Я иду молча. Смотрю в землю. Там лужи, плевки, листья. Никогда не разговариваю с побирушками.
- мил чел, - не отстаёт бабка, - не докинешь на пивас?
Я опешил. Из-за контекста сказанного. Это было как-то по молодёжному что ли. Не, я отнюдь не молодой. Чуть перезрел. Может прямо сейчас таят мои последние сутки молодости. Но это, чёрт побери, звучало интересно.
- Сколько?
- 93 рубля?
- 93 рубля?
- Ну да, а чё? – бубнит старуха и стоит забавно переминаясь с ноги на ногу, - это правда.
- Почему 93-то?
- Мне столько не хватает. Пенсию я сгорела уже. А пивка хочется смерть как. Подруги разъехались по дачам. Никто не отвечает.
- Напишите им в телегу, пусть кинут на карту.
- Неа. Хрена лысого там был.
Она суёт мне в лицо мобилу с телегой. И там куча чатов. И правда, никого нет в сети.
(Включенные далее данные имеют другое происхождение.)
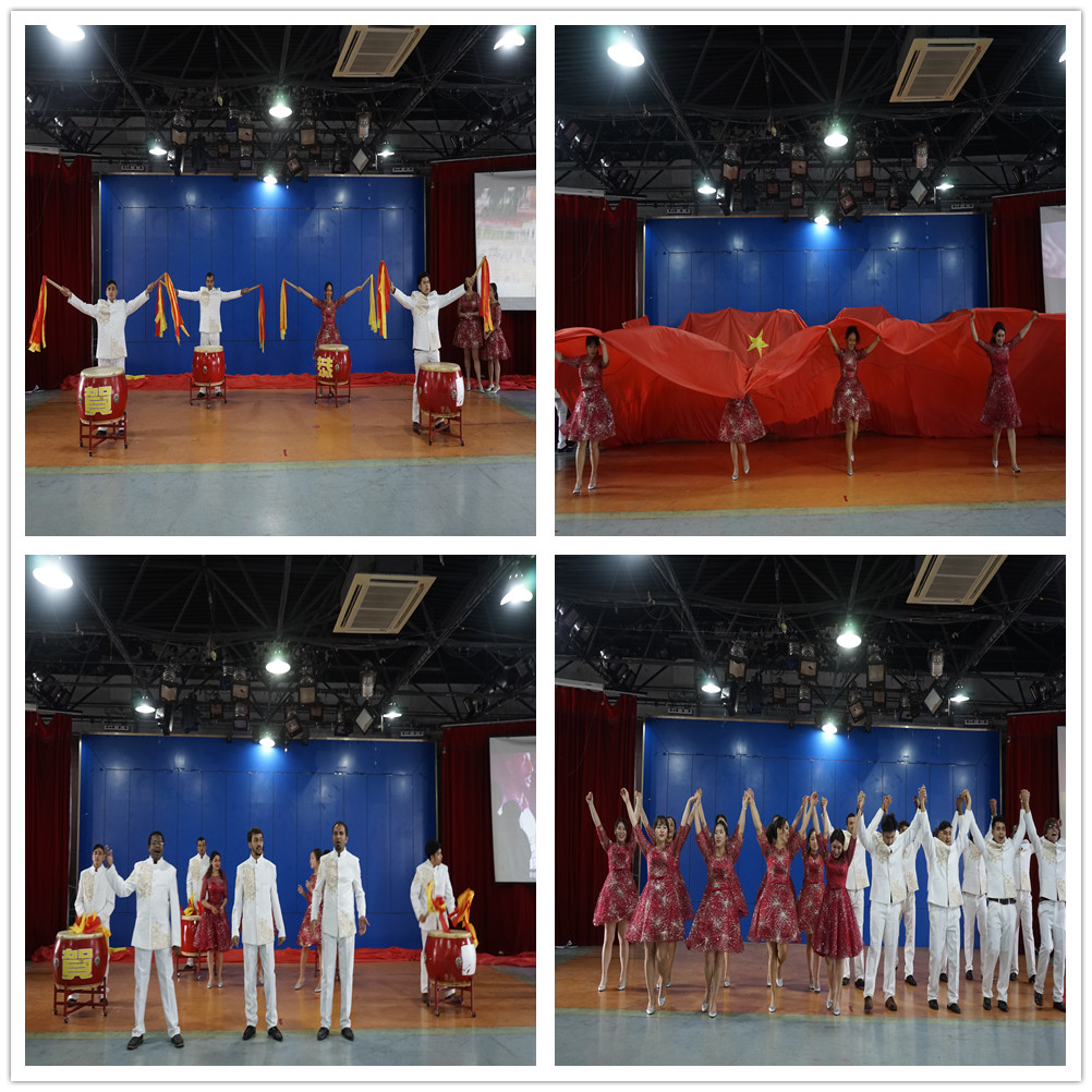 我校组织9个国家的18名留学生参加此次汇演,带来小合唱《红旗飘飘》,鼓乐齐鸣,红旗招展,深情的演绎,精彩的编排,引起了在场观众的大合唱,结束时掌声雷动,获得了全场一致的好评。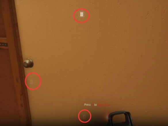 6、门有最基本的3种开门方式,靠近门把手是peek door,你会经常用到它,可以使用战术投掷物,检查陷阱等,视角往中间一点是open door,视角在门的下半部分是踹门(你们的最爱),注意,上锁的门一下踹不开,但是可以把门踹解锁,后续可以继续踹开门或者正常开门。当门后有歹徒且门是锁上的情况下踹门,这种举动和自杀没区别。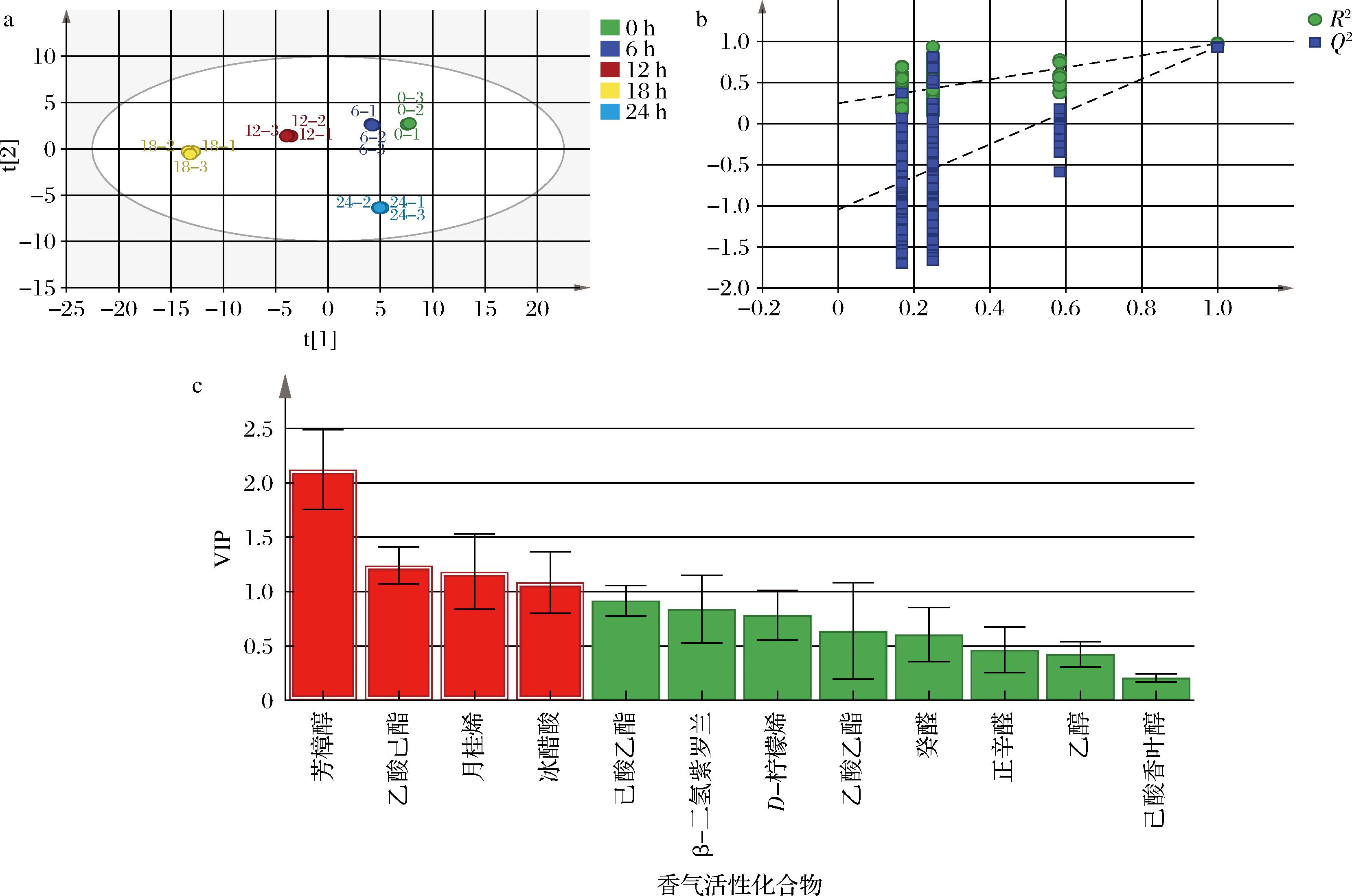 为进一步筛选乳酸菌发酵对百香果豆清饮料整体香气轮廓的关键香气化合物,采用正交偏最小二乘法判别分析(orthogonal partial least squares-discriminant analysis,OPLS-DA)对不同发酵时间段香气活性化合物进行分析。由图10-a可知,自变量拟合指数R2X=0.999,因变量拟合指数R2Y=0.964,模型预测指数Q2=0.909,R2、Q2均大于0.5,表示模型拟合可接受,且都接近1,表明该模型具有较强的预测能力。5个发酵阶段样品分布在不同区域,说明样品成分之间存在较大差异。此外,由图10-b可知,R2=0.247,Q2=-1.04,|Q2|>0.5,且Q2的回归线与Y轴的相交点均位于负半轴,说明该模型不存在过拟合现象,置换检验验证是可靠和有效的。进一步通过变量投影重要度(variable importance in projection,VIP)分析来衡量OPLS-DA模型中各挥发性物质的贡献。VIP>1,代表该挥发性物质为标志性风味物质。VIP值越大,代表该物质对整体风味的贡献越大。由图10-c可知,芳樟醇、乙酸己酯、月桂烯、冰醋酸的VIP值均大于1,因此它们可以作为区分百香果豆清饮料不同发酵时间整体香气轮廓的关键标志化合物。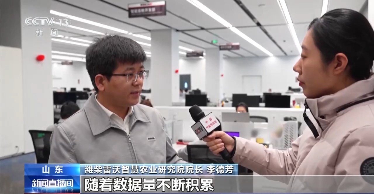 濰柴雷沃智慧農(nóng)業(yè)研究院院長 李德芳:實際上農(nóng)機變成了一個可移動的智能終端,它上面搭載了各種傳感器,作業(yè)過程中去采集各種作業(yè)的信息,這些數(shù)據(jù)到了(AI)模型去做一個融合,這樣的話幫助農(nóng)機作業(yè)更精準(zhǔn)。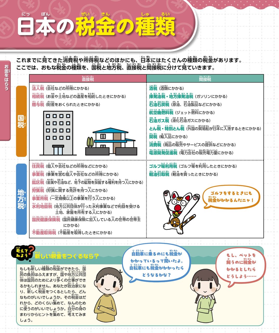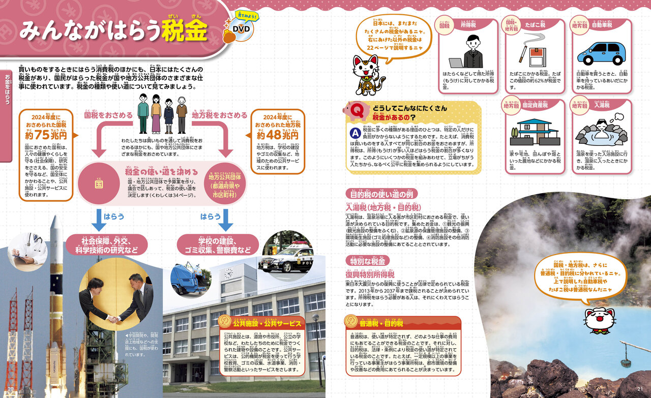 あと、容赦なく明かされる年収! 国家公務員の平均年収(約689万円)、タレントの平均年収(235万円)、YouTuberの平均年収(1チャンネルあたり約41万円/有名事務所所属の場合)……。年収の数字なんて「一概に言えない」ってことで、あまり明確に書いてある本を見たことない。「日本銀行ってなんだろう?」のページでは、日本銀行総裁の植田さんの年収(3607万円)まで明らかに。「そんなことを“豆知識”として子どもにインプットしてどうする!」と、思わないでもないが……、面白い。子どもに身近なところでは、教室の黒板は約13万円(高いな!)、教科書1冊が約100~1000円(安いな!)ってところから、教育費として使われる税金の額、1授業時間あたり約1011円とか、「へぇ?!」と思う知識でいっぱいだ。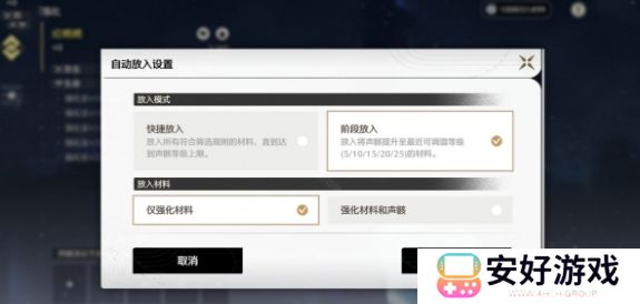 强化声骸时将可以自动【阶段放入】强化素材,强化至最近的可调谐等级(5/10/15/20/25)。

В бабке не было старушачьего чванства. И не бомжиха она была, не чмошница. Не было омерзения от старушачьего брюзжания. Она стояла. Пожилая снаружи, но с вызовом внутри. Не какой-нибудь гнилой чулок, а какая-то моложавая что ли. Вызывающая уважение. Бывает такое, когда крепкий прожитый опыт отражается на лице и в мимике и в физиогномике или как там это называется. Я полез в рюкзак. Выудил сотку из кошелька. Протянул.
- Пошли я тебе сдачу отдам. Вообще я таким не промышляю, но тут прямо настроение знаешь.
- Какую? 7 рублей сдачу? Не надо мне.
- Нет-нет, пошли. Это принцип, чув.
Зашли в пятёрочку. Она взяла себе 5 банок какого-то чешского пойла. Думаю взяла бы 4 и ей хватило. А потом подумал, что мне тоже надо пополнить баланс и прихватил пару сисек белого французского нефильтрованного. Мы вылезли из супермаркета. Она закурила и протянула 7 рублей.
- спасибо мил чел.
- да чё там..., - говорю, - вы могли 4 купить между прочим и хватило бы.
- не. Я знаю свою меру. А ты вроде нормальный. Думаю этот даст, а не даст куплю 4.
- круто, - говорю, - отлично вообще.
И она поковыляла к лавкам. На бульвар. А я стоял типа копался в телефоне. И смотрю, она уселась на лавку и курит. Шваркнула одну банку. Залпом. Ничего себе. Потом взглянула в мою сторону и помахала рукой. Время было часов девять вечера. Было так невыносимо скучно и тошно. Я подошел и уселся рядом. Отвернул крышку с сиськи нефильтрованного. Мы чокнулись.
- погода г*вно, - говорит она.
- я люблю дождь.
- станешь старый разлюбишь.
- с чего это?
- от сырости кости ноют. И почки ноют. И вообще всё ноет.
- наверное, - говорю.
Мы сидели и пили пиво. Она своё, а я своё.
- учишься \ работаешь? – спросила бабка.
- работаю. Отучился давно.
- реально?
- угу.
- да и хорошо. Отучился, поработал. Пожил.
Я вскинул бровь и поперхнулся тем, что текло из пивной сиськи мне в рот.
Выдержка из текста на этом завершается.